И мы стоим и молчим. В голове крутятся вопросы, но всё не те: как это ты так состарился — враз или постепенно, капля за каплей? А вечное веселье в твоем доме — когда оно иссякло? Остальные тоже состарились или один ты? Кстати, где они — засели на пальмах? Или занырнули в бассейн, сейчас дыхание кончится и вынырнут? Сам-то ты когда последний раз плавал? Скажи, а кости у тебя ломит? А ты знал, что все так будет, — знал и скрывал от всех, или тебя пришлепнуло без предупреждения?
Но вслух я говорю:
— Привет, Лу.
А Рея, в ту же секунду:
— Обалдеть, тут вообще ничего не изменилось, — и мы с ней вместе смеемся.
Лу улыбается, и улыбка такая знакомая, хоть и желтозубая, что меня будто ткнули в живот горячим пальцем. Егоулыбка. Но странно видеть ее — здесь.
— Девочки, — говорит он. — Бесподобно. Смотритесь.
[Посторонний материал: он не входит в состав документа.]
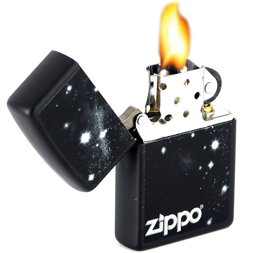 • Полноцветное изображение звездного неба, логотип Zippo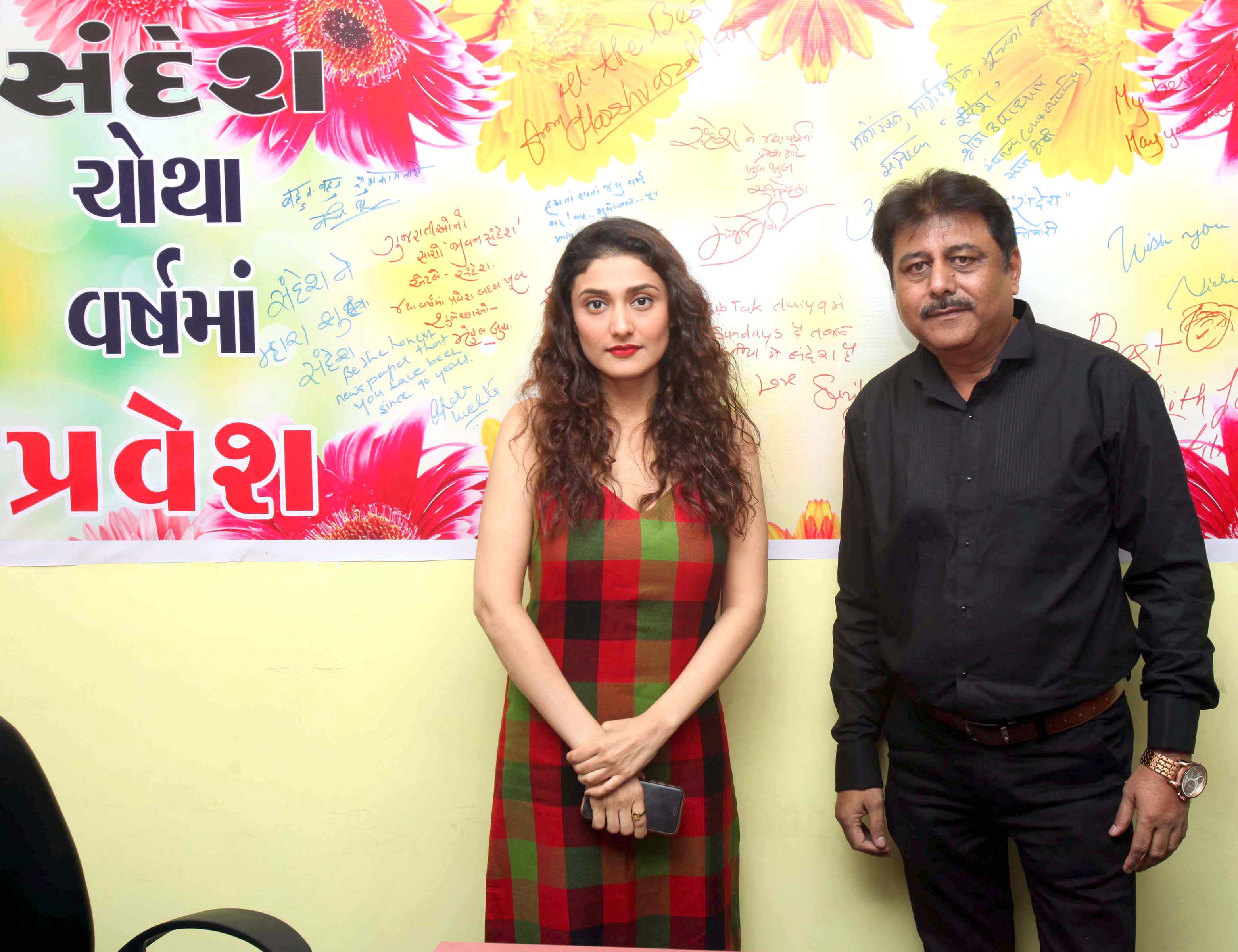 आयुष्मान खुराना, कीर्ति सेनन, राजकुमार राव, रागिनी खन्ना, शादी विथ जुगाड़ फिल्म के कलाकार – एकता जैन, श्री राजपूत, हर्षवर्धन जोषी, करेंन राजपूत, सिंगर संचिति सकट, टीवी स्टार अपरा मेहता, टॉयलेट एक प्रेमकथा के संगीतकार विक्की प्रसाद, मनोज जोषी, सिंगर रिमेश राजा, ब्राइट के योगेश लखानी और सुनील पाल गुजराती पेपर संदेश को मुंबई में चौथे साल में प्रवेश करने के लिए शुभकामनाएं देने ऑफिस आए।

Он лжет. Мне сорок три, и Рее тоже. Она замужем, у нее в Сиэтле трое детей. Трое! Просто не верится. А я опять при маме, домучиваю бакалаврскую степень в филиале Калифорнийского университета — домучиваю, потому что до этого вылетала из универа несколько раз и уже ни на что не надеялась. «Это всё твои двадцать лет» — так мама говорит про упущенное время, как бы спокойно и с улыбкой, но мои двадцать начались задолго до двадцати и растянулись на много лет после. Надеюсь, что уже прошли. Иногда по утрам, когда я сижу у себя на кухне, с солнцем за окном начинает твориться что-то не то. Я тянусь за солонкой, сыплю себе на руку между волосками дорожку соли и тупо думаю: да, прошли. Все прошло. Мимо. В такие дни я стараюсь не закрывать глаза надолго. Иначе будет весело.
— Да ладно тебе, Лу, ты же видишь, какие мы две старые кошелки! — Рея легонько похлопывает его по хлипкому плечу.
Она показывает ему фотки своих детей, держит у него перед глазами.
— Кисуля, — говорит он про старшую, Надин, которой шестнадцать, и — подмигивает, что ли? А может, у него просто глаз дергается.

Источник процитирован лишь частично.